Climate experts in Tharparkar, Pakistan are drawing attention to the severe water scarcity throughout the country. The availability of fresh water was already a serious concern and the worry is that future accessibility will decline dramatically in the coming years.
Nagarparkar is 400 km away from Hyderabad and 650 km away from Karachi, situated at Tharparkar district on the India-Pakistan Border. Anticipating this mounting water problem, in 2001, Caritas Pakistan Hyderabad (CPH) constructed four dams and 18 water ponds. As a result, there was an increase in the water table of the area by 40 feet. Now, 40 wells are functioning properly in the surrounding area of Karoonjhar Hill – Nagar Parkar city, allowing farmers to start cultivating vegetables and other short-term crops. Also that year, a water resistant fruit tree plantation campaign was carried out in the same areas. Five thousand mango, cheeku, amrood, jamin, and lemon trees were planted to provide fresh fruit to the communities, generate a source of income, and to make the area green.
In other areas of the desert, families were purchasing vegetables from the local market that were heavily dosed with chemicals. According to a Caritas survey, this caused several illnesses, especially to children. Caritas began teaching the communities about water conservation techniques through their Kitchen Gardening programmes. By using the wastewater for kitchen gardening at household level, the women were able to grow fresh vegetables at home. Ms. Helen Heeri, an active volunteer of Caritas, says that “the new method is so beautiful and through kitchen gardening we are saving Rs. 1500 per month (USD 17).”

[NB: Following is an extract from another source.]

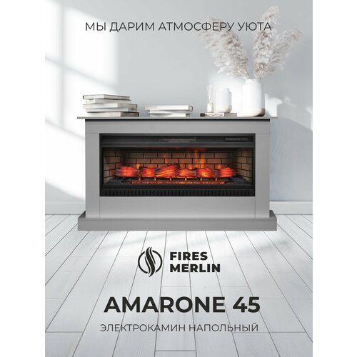 Купить Камин электрический Fires Merlin Amarone GR серый c очагом Jack 45, электрокамин с обогревом напольный с доставкой по всей России.

To further improve the health of women, Caritas Pakistan Hyderabad introduced fuel-efficient stove cooking technology to reduce wood consumption by 50 percent, which saved cooking time and reduced air pollution. Furthermore, since these families are highly dependent on animal rearing, CHP helped care for the local livestock through animal vaccination camps and livestock management seminars.
Unfortunately, environmental degradation will likely continue to be pervasive in Pakistan. However, with the help of Caritas Pakistan Hyderabad, families are learning to adapt to the current situation and are being prepared for the increasing difficulties that lie ahead.
Mumtaz Bashir Bhatti is Livelihood Programme Coordinator for Caritas Pakistan Hyderabad (CPH)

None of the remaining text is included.